Provided entries -
= = =

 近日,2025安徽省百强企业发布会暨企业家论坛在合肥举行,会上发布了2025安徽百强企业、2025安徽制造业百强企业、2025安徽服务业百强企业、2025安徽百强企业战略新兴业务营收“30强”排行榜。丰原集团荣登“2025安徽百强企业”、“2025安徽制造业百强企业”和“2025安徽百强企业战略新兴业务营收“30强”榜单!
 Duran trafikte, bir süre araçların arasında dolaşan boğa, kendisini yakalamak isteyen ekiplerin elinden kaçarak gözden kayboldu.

= = =

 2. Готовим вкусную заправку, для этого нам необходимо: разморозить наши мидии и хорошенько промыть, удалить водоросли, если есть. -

= = =

What the task asks -
Reproduce, word for word and in full, only the lines above that start at the line with "近日,2025安徽省百强企业" and run through the line with "Duran trafikte, bir", both ends included.

Exercise answer -
 近日,2025安徽省百强企业发布会暨企业家论坛在合肥举行,会上发布了2025安徽百强企业、2025安徽制造业百强企业、2025安徽服务业百强企业、2025安徽百强企业战略新兴业务营收“30强”排行榜。丰原集团荣登“2025安徽百强企业”、“2025安徽制造业百强企业”和“2025安徽百强企业战略新兴业务营收“30强”榜单!
 Duran trafikte, bir süre araçların arasında dolaşan boğa, kendisini yakalamak isteyen ekiplerin elinden kaçarak gözden kayboldu.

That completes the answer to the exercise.